* EXERCISE *
Exact reproduction is required for the lines below starting at the line with "Crystal Aluminium Products" and ending at the line with "หรือสอบถามทางโทรศัพท์หมายเลข ๐๒๒๒๙๑๗๗๐ ในวันและเวลาราชการ", both included. No other lines, and no pictures.

* SOURCE MATERIAL *
——
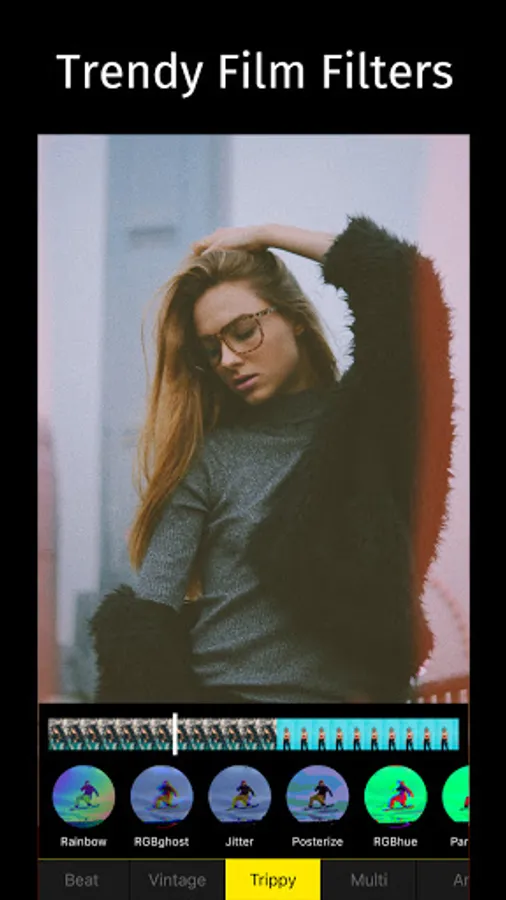 Record aesthetic and trippy videos with numerous powerful real-time video filters and animated text. Ranging from RGB glitches & VHS trippy sketch, also with pixelated filters to vaporwave effects.Let our power director 90s be your pocket video edit app now.
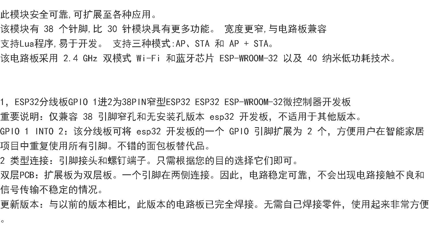ESP32 확장 보드 38Pin 개발 보드 무선 WiFi + 블루투스 2 in 1 듀얼 코어 CPU 저전력 소비스토어 가기
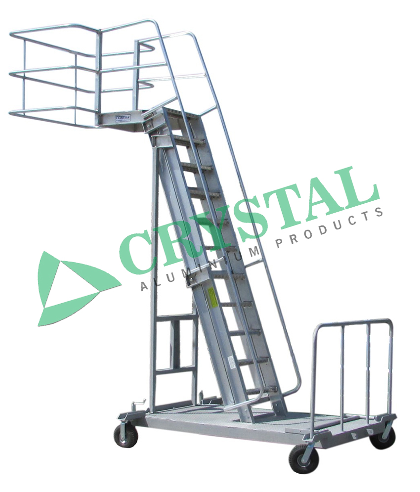 Crystal Aluminium Products - Aluminium Tanker Ladders is adjustable by means of hand winch, the side support section and a double-sided handrail making it easy to work at different heights. All our tanker ladders are mobilewith wheels for easy movement.
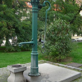 Piston water pump on Hradčany Square, památkově chráněná pumpa v Praze
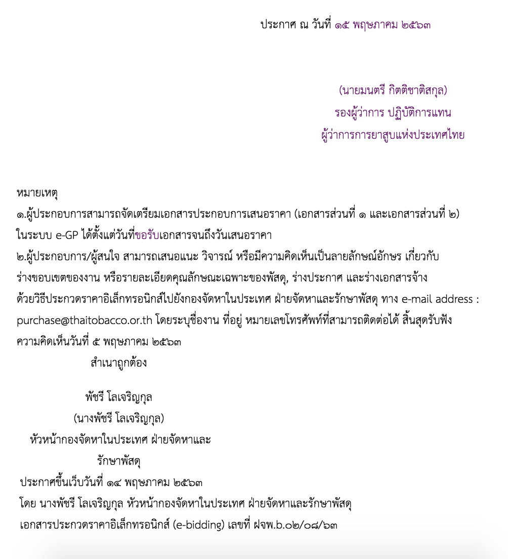 ผู้สนใจสามารถดูรายละเอียดได้ที่เว็บไซต์ www.thaitobacco.or.th หรือ www.gprocurement.go.th หรือสอบถามทางโทรศัพท์หมายเลข ๐๒๒๒๙๑๗๗๐ ในวันและเวลาราชการ
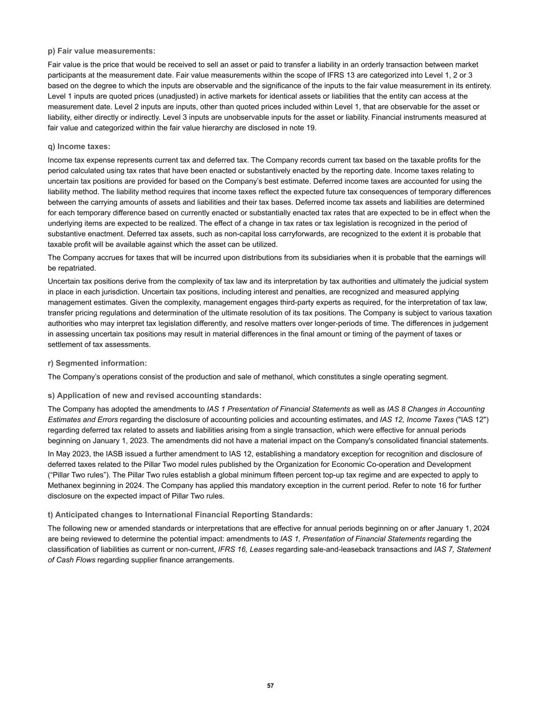 p) Fair value measurements: Fair value is the price that would be received to sell an asset or paid to transfer a liability in an orderly transaction between market participants at the measurement date. Fair value measurements within the scope of IFRS 13 are categorized into Level 1, 2 or 3 based on the degree to which the inputs are observable and the significance of the inputs to the fair value measurement in its entirety. Level 1 inputs are quoted prices (unadjusted) in active markets for identical assets or liabilities that the entity can access at the measurement date. Level 2 inputs are inputs, other than quoted prices included within Level 1, that are observable for the asset or liability, either directly or indirectly. Level 3 inputs are unobservable inputs for the asset or liability. Financial instruments measured at fair value and categorized within the fair value hierarchy are disclosed in note 19. q) Income taxes: Income tax expense represents current tax and deferred tax. The Company records current tax based on the taxable profits for the period calculated using tax rates that have been enacted or substantively enacted by the reporting date. Income taxes relating to uncertain tax positions are provided for based on the Company’s best estimate. Deferred income taxes are accounted for using the liability method. The liability method requires that income taxes reflect the expected future tax consequences of temporary differences between the carrying amounts of assets and liabilities and their tax bases. Deferred income tax assets and liabilities are determined for each temporary difference based on currently enacted or substantially enacted tax rates that are expected to be in effect when the underlying items are expected to be realized. The effect of a change in tax rates or tax legislation is recognized in the period of substantive enactment. Deferred tax assets, such as non-capital loss carryforwards, are recognized to the extent it is probable that taxable profit will be available against which the asset can be utilized. The Company accrues for taxes that will be incurred upon distributions from its subsidiaries when it is probable that the earnings will be repatriated. Uncertain tax positions derive from the complexity of tax law and its interpretation by tax authorities and ultimately the judicial system in place in each jurisdiction. Uncertain tax positions, including interest and penalties, are recognized and measured applying management estimates. Given the complexity, management engages third-party experts as required, for the interpretation of tax law, transfer pricing regulations and determination of the ultimate resolution of its tax positions. The Company is subject to various taxation authorities who may interpret tax legislation differently, and resolve matters over longer-periods of time. The differences in judgement in assessing uncertain tax positions may result in material differences in the final amount or timing of the payment of taxes or settlement of tax assessments. r) Segmented information: The Company’s operations consist of the production and sale of methanol, which constitutes a single operating segment. s) Application of new and revised accounting standards: The Company has adopted the amendments to IAS 1 Presentation of Financial Statements as well as IAS 8 Changes in Accounting Estimates and Errors regarding the disclosure of accounting policies and accounting estimates, and IAS 12, Income Taxes ("IAS 12") regarding deferred tax related to assets and liabilities arising from a single transaction, which were effective for annual periods beginning on January 1, 2023. The amendments did not have a material impact on the Company's consolidated financial statements. In May 2023, the IASB issued a further amendment to IAS 12, establishing a mandatory exception for recognition and disclosure of deferred taxes related to the Pillar Two model rules published by the Organization for Economic Co-operation and Development (“Pillar Two rules”). The Pillar Two rules establish a global minimum fifteen percent top-up tax regime and are expected to apply to Methanex beginning in 2024. The Company has applied this mandatory exception in the current period. Refer to note 16 for further disclosure on the expected impact of Pillar Two rules. t) Anticipated changes to International Financial Reporting Standards: The following new or amended standards or interpretations that are effective for annual periods beginning on or after January 1, 2024 are being reviewed to determine the potential impact: amendments to IAS 1, Presentation of Financial Statements regarding the classification of liabilities as current or non-current, IFRS 16, Leases regarding sale-and-leaseback transactions and IAS 7, Statement of Cash Flows regarding supplier finance arrangements. 57
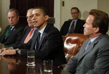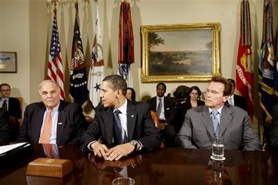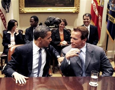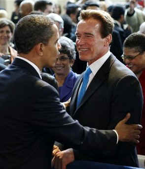 President Obama was joined by California Governor Arnold Schwarzenegger
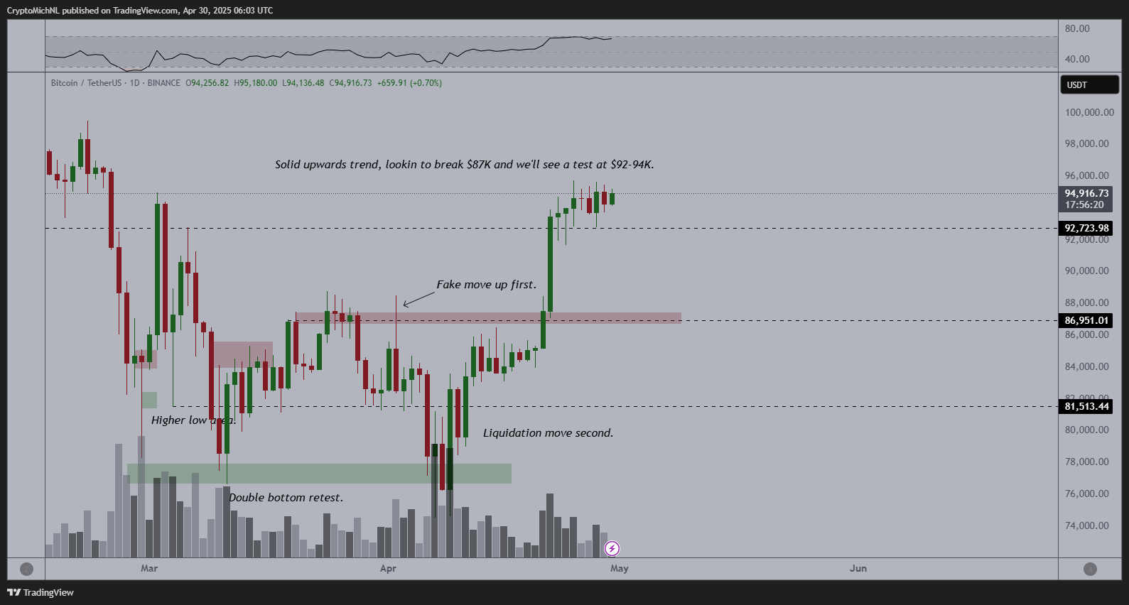 “A Monthly Close like this would solidify Bitcoin’s position at these highs, even if downside wicking below $93300 could still occur in May (similar to Dec 2024 or Jan 2025 wicks).”
——
* EXERCISE OUTPUT *
 Crystal Aluminium Products - Aluminium Tanker Ladders is adjustable by means of hand winch, the side support section and a double-sided handrail making it easy to work at different heights. All our tanker ladders are mobilewith wheels for easy movement.
 Piston water pump on Hradčany Square, památkově chráněná pumpa v Praze
 ผู้สนใจสามารถดูรายละเอียดได้ที่เว็บไซต์ www.thaitobacco.or.th หรือ www.gprocurement.go.th หรือสอบถามทางโทรศัพท์หมายเลข ๐๒๒๒๙๑๗๗๐ ในวันและเวลาราชการ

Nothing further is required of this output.